Thus are drafted a whole class of "handmaids," whose function is to bear the children of the elite, to be fecund or else (else being certain death, sent out to be toxic-waste removers on outlying islands). The narrative frame for Atwood's dystopian vision is the hopeless private testimony of one of these surrogate mothers, Offred ("of" plus the name of her male protector).
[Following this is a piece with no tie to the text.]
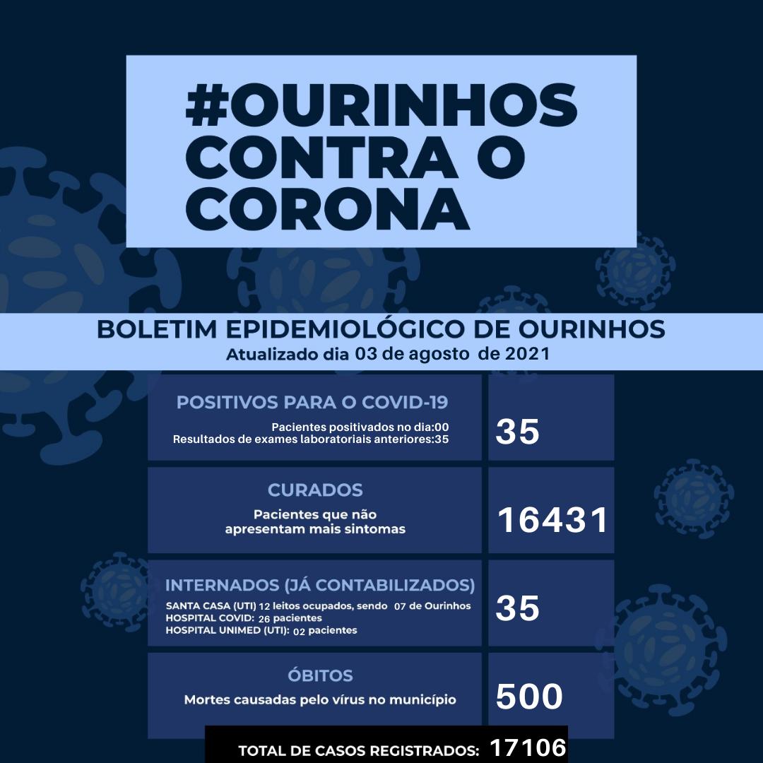 O governador João Doria anunciou que o estado de São Paulo identificou 346 municípios sem registros de mortes por COVID-19 na última semana, indicando que mais de 53% das cidades paulistas não tiveram vítimas da doença desde 28 de julho. O balanço reflete o impacto positivo da campanha de vacinação para redução dos casos graves e mortes pela doença. Ourinhos, entretanto, fica no grupo de 299 municípios que ainda registraram mortes na última semana, já que a Prefeitura informou a morte de uma mulher de 79 anos, moradora na Vila Boa Esperança, com hipertensão e diabetes, no boletim da sexta-feira passada, dia 30 (clique e relembre). Faz cinco dias que a cidade não confirma um novo óbito por Covid. Confira o último boletim divulgado, nesta terça-feira (3):

Lying cradled by the body of the barren wife, being meanwhile serviced by the husband, Offred's "ceremony" must be successful—if she does not want to join the ranks of the other disappeared (which include her mother, her husband—dead—and small daughter, all taken away during the years of revolt). One Of her only human conduits is a gradually developing affair with her master's chauffeur—something that's balanced more than offset, though, by the master's hypocritically un-Puritan use of her as a kind of B-girl at private parties held by the ruling men in a spirit of nostalgia and lust. This latter relationship, edging into real need (the master's), is very effectively done; it highlights the handmaid's (read Everywoman's) eternal exploitation, profane or sacred ("We are two-legged wombs, that's all: sacred vessels, ambulatory chalices"). Atwood, to her credit, creates a chillingly specific, imaginable night-mare. The book is short on characterization—this is Atwood, never a warm writer, at her steeliest—and long on cynicism—it's got none of the human credibility of a work such as Walker Percy's Love In The Ruins. But the scariness is visceral, a world that's like a dangerous and even fatal grid, an electrified fence.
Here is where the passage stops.